• _THE PROBLEM_
With the pictures left out, retype exactly the lines below starting at the line that contains "Hexham was considered" and ending at the line that contains "Prospectus de la".

[Collection entries]
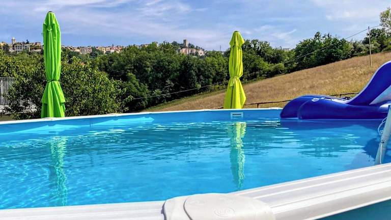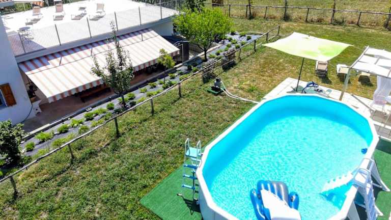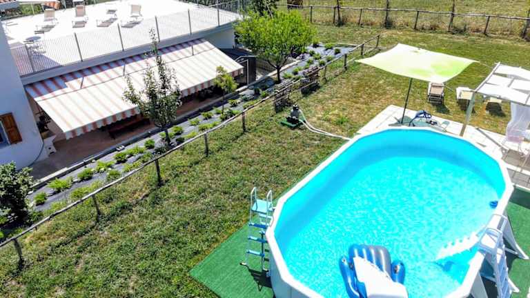 Die Unterkunft verfügt über einen Außenpool, der saisonal genutzt werden kann. Für Familien gibt es einen Bereich mit Außenspielgeräten und eine Sonnenterrasse mit Liegen und Sonnenschirmen.
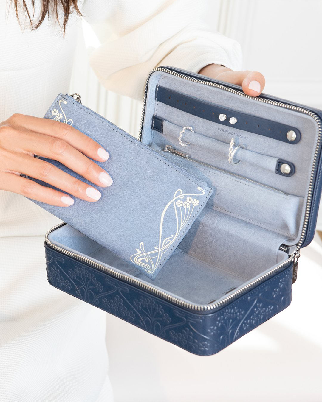 Interiér ve světle modrým odstínu byl navržen s ohledem na uspořádané ukládání – najdeme zde kapsičku na zip, pásek k upevnění náušnic a prstenů a prostor na drobnější šperky. Celek je vystlán inovativním materiálem LusterLoc™, který neutralizuje plyny způsobující matnění a zajišťuje ochranu šperků až po dobu 35 let. Kompaktní rozměry a pevný zip způsobují, že pouzdro se skvěle osvědčí během cestování. Pouzdro WOLF x Liberty 381217 je spojením funkčnosti, elegance a řemesla, které se dokonale hodí pro každou milovnici šperků.
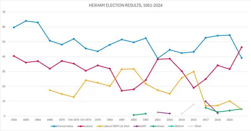 Hexham was considered a safe seat for the Conservative Party, having been under their control for almost a century, with generally safe majorities, from 1924 until it was gained by Labour in 2024. It was the only Conservative seat in the North East between the New Labour years in government from 1997–2010, and the only one in Northumberland from 1973 until the Conservatives gained Berwick-upon-Tweed from the Liberal Democrats in 2015. It was also the northernmost seat won by the Conservatives in 1997, in what would be their worst landslide defeat at any general election of the twentieth century; with all Conservative MPs in Scotland and Wales unseated that year.[7] In 1997, the Labour Party was very close to winning the seat, but the Conservatives retained it with a significantly reduced narrow majority of 222 votes.
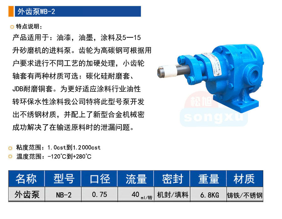 產(chǎn)品適用于:油漆,油墨,涂料及5一15 升砂磨機的進料泵。齒輪為高碳鋼可根據(jù)用 戶要求進行不同工藝的加硬處理,小齒輪 軸套有兩種材質(zhì)可選:碳化硅耐磨套、 JDB耐磨銅套。為更好適應涂料行業(yè)油性 轉(zhuǎn)環(huán)保水性涂料我公司特將此型號泵開發(fā) 出不繡鋼材質(zhì),并配上了新型合金機械密 成功解決了在輸送原料時的泄漏問題。
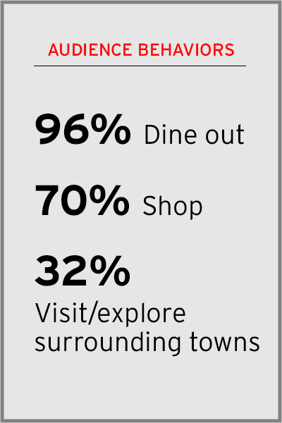 The Festival experience goes beyond what’s seen on the stage — it includes enjoying the area’s many restaurants, shops, inns, historic sites, and wide range of recreational activities.
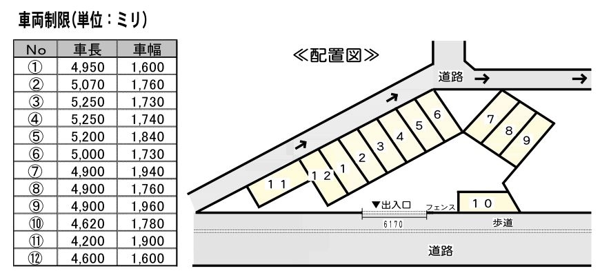 ○駐車位置によってサイズが変わりますので
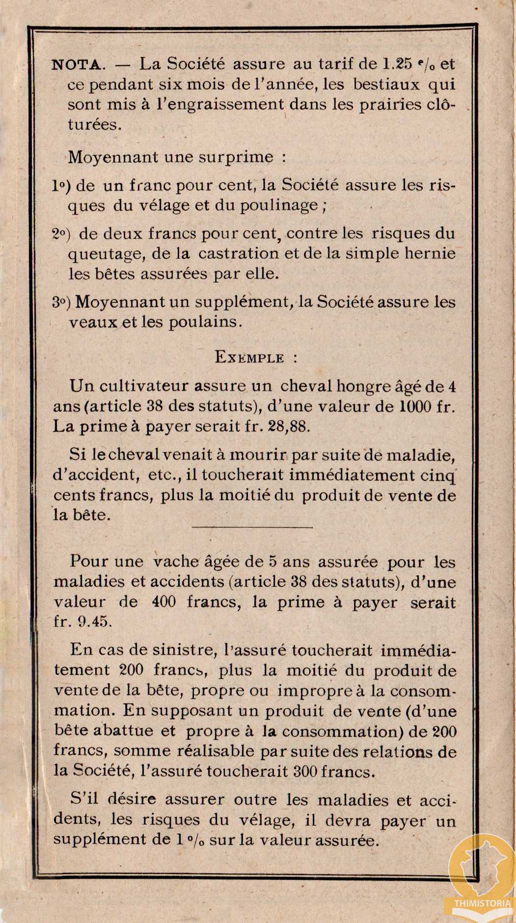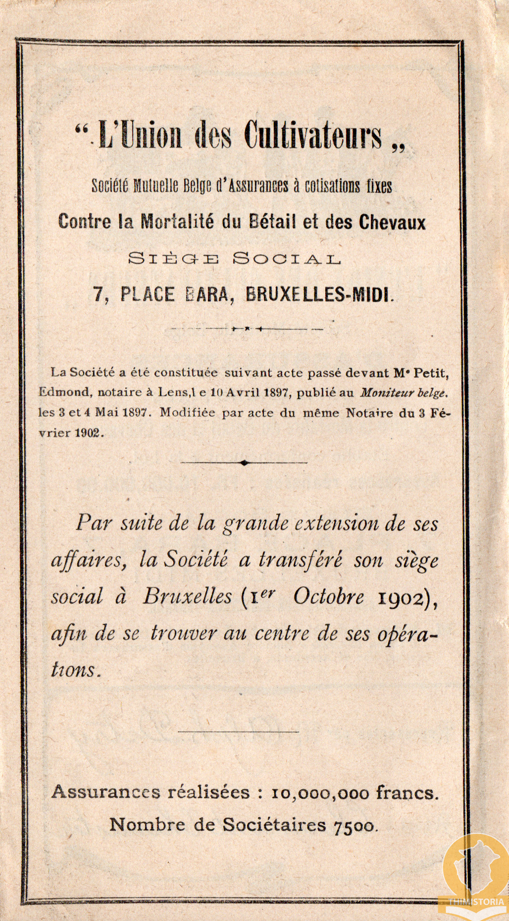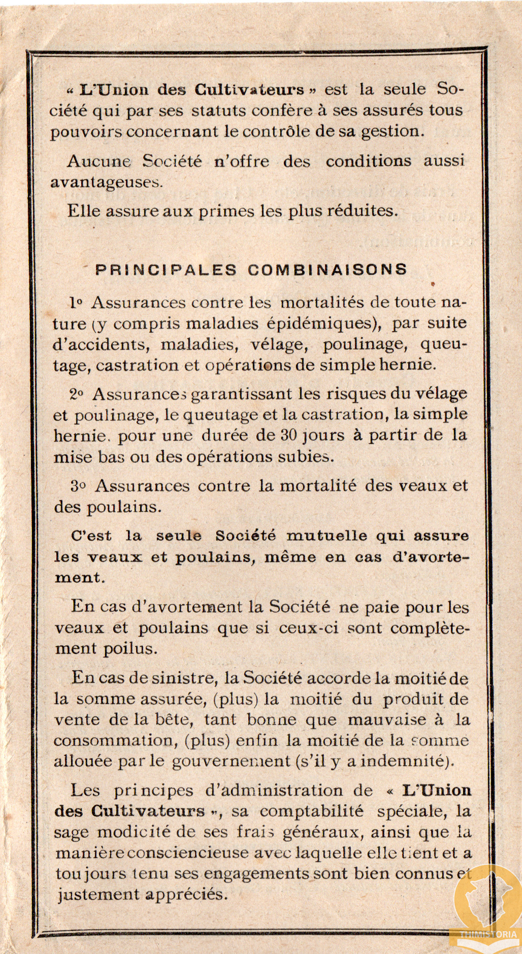 Prospectus de la compagnie d’assurance « L’Unions des Cultivateurs » contre la mortalité du bétail et des chevaux.
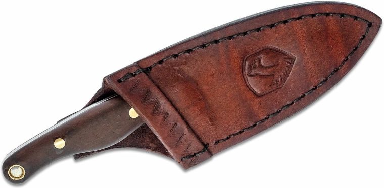 Zaokrąglona końcówka zwiększa bezpieczeństwo podczas pracy, co docenią początkujący i młodsi użytkownicy pod nadzorem. Profilowana rękojeść z drewna orzechowego świetnie leży w dłoni, nitowane okładziny zapewniają stabilność, a otwór na linkę umożliwia zamocowanie pętli zabezpieczającej lub zawieszenie. Naturalne wykończenie powierzchni nadaje ostrzu odporność i autentyczny wygląd, a skórzane etui pozwala na bezpieczne noszenie przy pasku.
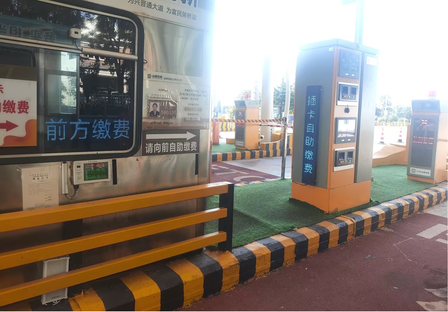 此前,部分司乘因不熟悉操作流程,导致智慧车道通行速度较慢。为解决这一问题,北垣收费站经过认真研究,在收费岗亭玻璃和自助设备上安装了LED全彩高亮显示屏,并设置语音提示功能,当车道前线圈检测到车辆时,会自动播放“向前自助领卡”和“向前自助缴费”等引导语。据统计,这些措施实施后,司乘直接自助操作成功率从82%大幅提升至95%,智慧车道通行效率显著提高。

• _SOLUTION_
 Hexham was considered a safe seat for the Conservative Party, having been under their control for almost a century, with generally safe majorities, from 1924 until it was gained by Labour in 2024. It was the only Conservative seat in the North East between the New Labour years in government from 1997–2010, and the only one in Northumberland from 1973 until the Conservatives gained Berwick-upon-Tweed from the Liberal Democrats in 2015. It was also the northernmost seat won by the Conservatives in 1997, in what would be their worst landslide defeat at any general election of the twentieth century; with all Conservative MPs in Scotland and Wales unseated that year.[7] In 1997, the Labour Party was very close to winning the seat, but the Conservatives retained it with a significantly reduced narrow majority of 222 votes.
 產(chǎn)品適用于:油漆,油墨,涂料及5一15 升砂磨機的進料泵。齒輪為高碳鋼可根據(jù)用 戶要求進行不同工藝的加硬處理,小齒輪 軸套有兩種材質(zhì)可選:碳化硅耐磨套、 JDB耐磨銅套。為更好適應涂料行業(yè)油性 轉(zhuǎn)環(huán)保水性涂料我公司特將此型號泵開發(fā) 出不繡鋼材質(zhì),并配上了新型合金機械密 成功解決了在輸送原料時的泄漏問題。
 The Festival experience goes beyond what’s seen on the stage — it includes enjoying the area’s many restaurants, shops, inns, historic sites, and wide range of recreational activities.
 ○駐車位置によってサイズが変わりますので
 Prospectus de la compagnie d’assurance « L’Unions des Cultivateurs » contre la mortalité du bétail et des chevaux.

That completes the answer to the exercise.